It’s that time of year where I start getting my holiday on… I am a big, big fan of Thanksgiving food. Lemme tell you about it.
Well, you start with turkey. I personally have nothing to do with the turkey. Not only is it approximately $400 a pound, it is also, as I have described over the years, a dry yet greasy tasteless bird. With that being said, it is nonetheless essential to the holiday. I demand that it be present, even in its current Yablonski format of a turkey, stuffed with a duck, stuffed with a chicken, stuffed with sausage. (a turducken, they call it, completely dissing the sausage). I have had turkey over the years that was okay, but still nothing to write home about. I eat ham.

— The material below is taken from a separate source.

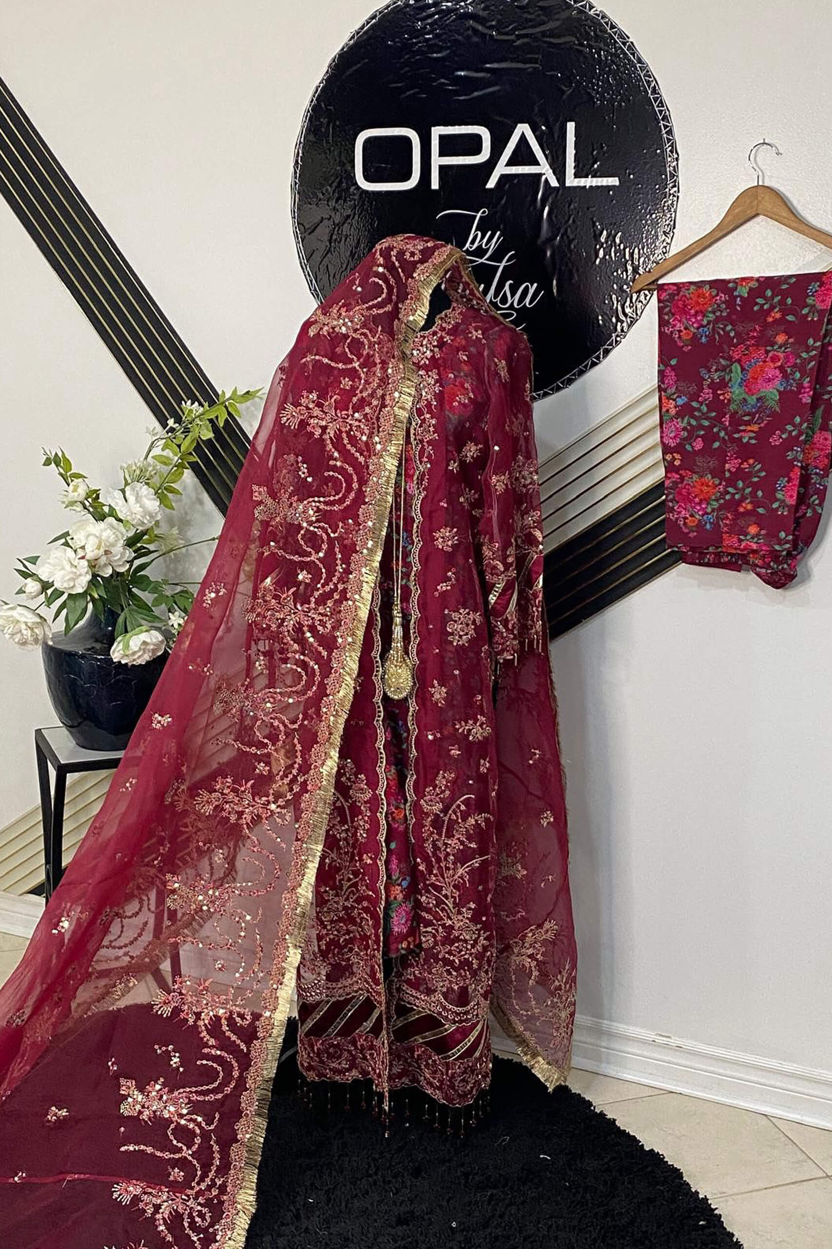 Step into timeless elegance with this beautifully crafted three-piece ensemble. The outfit features a richly embroidered net dupatta adorned with intricate detailing and a touch of shimmer, perfectly complementing the embroidered shirt with graceful patterns. Paired with a printed trouser, this outfit blends tradition with modern flair, making it ideal for festive occasions, weddings, and formal gatherings. The fine craftsmanship and delicate embellishments ensure you stand out with sophistication and charm.

I also skip things with green beans and things that look nasty, like cranberry sauce. I save my somewhat limited intestinal capacity for important things, like ham and sweet potatoes and rolls and dessert of every kind. I can’t tell you how many times over the years I have been just getting started, and the ol’ gut says, “Whoa… back it up, sister!” This is alarming on at least two fronts… one, that my stomach can speak, and two, that I have to stop eating or risk intestinal rupture and eventually, death.

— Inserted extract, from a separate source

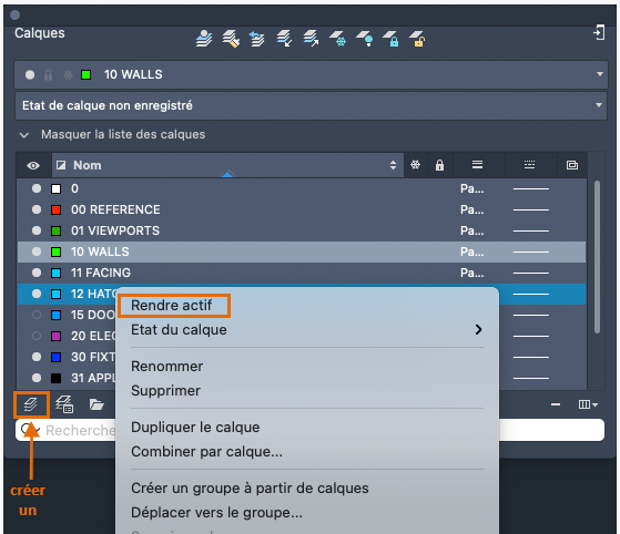 Pour créer un calque, cliquez sur le bouton affiché, puis entrez le nom du nouveau calque. Pour modifier le calque courant, double-cliquez sur son nom ou cliquez avec le bouton droit de la souris sur le nom du calque et choisissez Rendre actif.

Lucky for me, my mother-in-law is no patriot, and does not celebrate American Imperialist holidays. She stills tries to get a holiday out of it by having a party on the weekend, with enchiladas. I know.
So, I only have two Thanksgiving feasts, the Yablonskis and the Clarks, on Richy’s dad’s side. I can usually manage two smorgasbords, although it makes the rest of the year awfully disappointing.
This year, I live in a state where it is very, very cold already. Just imagine the North Pole. Yep, like that. So my brain and psyche and what-not are in a state of panic at it already being Christmas weather, (since the two cold days of the year in Texas are typically around ol’ St Nick’s Day,) without having first gone through the rite of Thanksgiving. “What about the FOOD?” my brain is wailing. It’s like a funhouse around here with all these talking organs and muscles.